Arawan Thai Bistro Offers Good Food With Minimal Kick

What this Thailand joint lacks in spice, it makes up for in tremendous flavor.

Thai-spiced sea bass. | Photo by jiramath jongluxmanee

Thai-spiced sea bass. | Photo by Jiramath Jongluxmanee

Thai food is supposed to be spicy, right? I mean really spicy. Well, yes and no. When I was in Thailand, not much of what I ate overwhelmed me with heat, and I have a low tolerance for spicy. Of course, even Thai street vendors know when they’re cooking for tourists. (And unlike Americans, they don’t seem to see high spice level as a challenge diners should endure for bragging rights.) Here in the U.S., most Thai restaurants allow you to choose your level of heat. But let’s face it, everyone expects a little kick in their Thai food. At Arawan Thai Bistro & Dessert, however, a little is about all you’re going to get.

Unlike most Thai restaurants that offer a sliding scale of heat from one to 10, Arawan offers you a choice of mild, medium or spicy. I usually opt for a three or four out of 10, which generally provides a nice kick but doesn’t overpower my palate to the point I can’t make out the other flavors. On my first visit to Arawan, I asked for my meal mild, while my guest asked for it spicy, going so far as to say “Thai spicy,” which can mean a fire in your mouth at many places. My dish had absolutely no kick to it. His would have qualified as the top echelon of my admittedly timid taste buds, and wasn’t nearly up to his expectations. On a return visit, my wife and I ordered all of our dishes medium and I again found them extremely lacking in heat.

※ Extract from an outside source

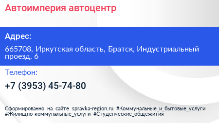 Автоимперия, автоцентр по адресу 665708, Иркутская область, Братск, Индустриальный проезд, 6 в дальнейшем Организация, размещена в следующих категориях:

Arawan’s interior | Photo by Jiramath Jongluxmanee

Arawan’s interior | Photo by Jiramath Jongluxmanee

Ignoring the spice factor, Arawan is actually a very nice little restaurant—which it would have to be, being located in the same Commercial Center as the almost legendary Lotus of Siam and the popular Komol. The space itself is apparently a former Japanese restaurant, as evidenced by the sunken zashiki tables in an unused secondary dining room you pass on the way to the restroom. But the sushi bar has been nicely converted into a small wooden dining bar. And soothing wood carvings with a Southeast Asian feel line the walls. It’s a family business, and the servers clearly care.

The menu has plenty of Thai classics, including traditional soups, salads, curries, pad Thai and other noodles. In the entrée section, you’ll find such dishes as wok-fried rib-eye with basil, stewed pork, squid-ink drunken noodles, two types of duck and assorted traditional stir-fries. While the prices are generally reasonable across the board, the $10 lunch special is a particular bargain. It includes egg flour soup with crispy noodles, your choice of entrée, rice and a dessert of the day. And speaking of desserts, former Rio pastry chef Thanisorn Bumroongsawad has joined her family here to create sweets much more sophisticated than what you’ll find in just about any Thai restaurant in town. While I’ve yet to try it, her crème brûlée under a golden sugar dome is absolutely gorgeous to look at. And the chocolate mousse cake I have tried was delicate and delicious.

Crème brûlée under a sugar dome. | Photo by Jiramath Jongluxmanee

Crème brûlée under a sugar dome. | Photo by Jiramath Jongluxmanee

Among the appetizers, I really liked the Thai chicken wings, fried as perfectly as the best bar wings I’ve ever had, but marinated in a light lemongrass seasoning. And the Arawan Special Roll is a fresh assortment of vegetables with a touch of shrimp wrapped in rice paper, reminiscent of Vietnamese spring rolls. From the soups, try the tom kha chicken, a version of tom yum balanced with sweet creamy coconut milk and packed with veggies and chicken. It’s almost as pretty to look at as it is delicious. (Presentation is a far higher priority here than at most neighborhood Thai joints.) My favorite entrée so far has been pad pong karee, which is soft shell crab stir fried with yellow curry powder and egg.

I was, however, very disappointed with the dry and barely seasoned Thai barbecue chicken. And while an order of spicy mint chicken was good, the fried egg on top was sadly overcooked.

Arawan is a cut above most neighborhood Thai restaurants, except for that problem with the heat. If you’re not a fan of spicy, you should love it. For those of you who are, hopefully they’ll find a way to turn up the heat.

Al’s Menu Picks

  • Arawan fresh roll ($7)
  • Thai chicken wings ($8)
  • tom kha chicken ($6 or $11)
  • and pad pong karee ($15)

Arawan Thai Bistro & Dessert

953 E. Sahara Ave., 702-734-7799, Open for lunch and dinner 11 a.m.-10 p.m. daily. Dinner for two, $25-$60.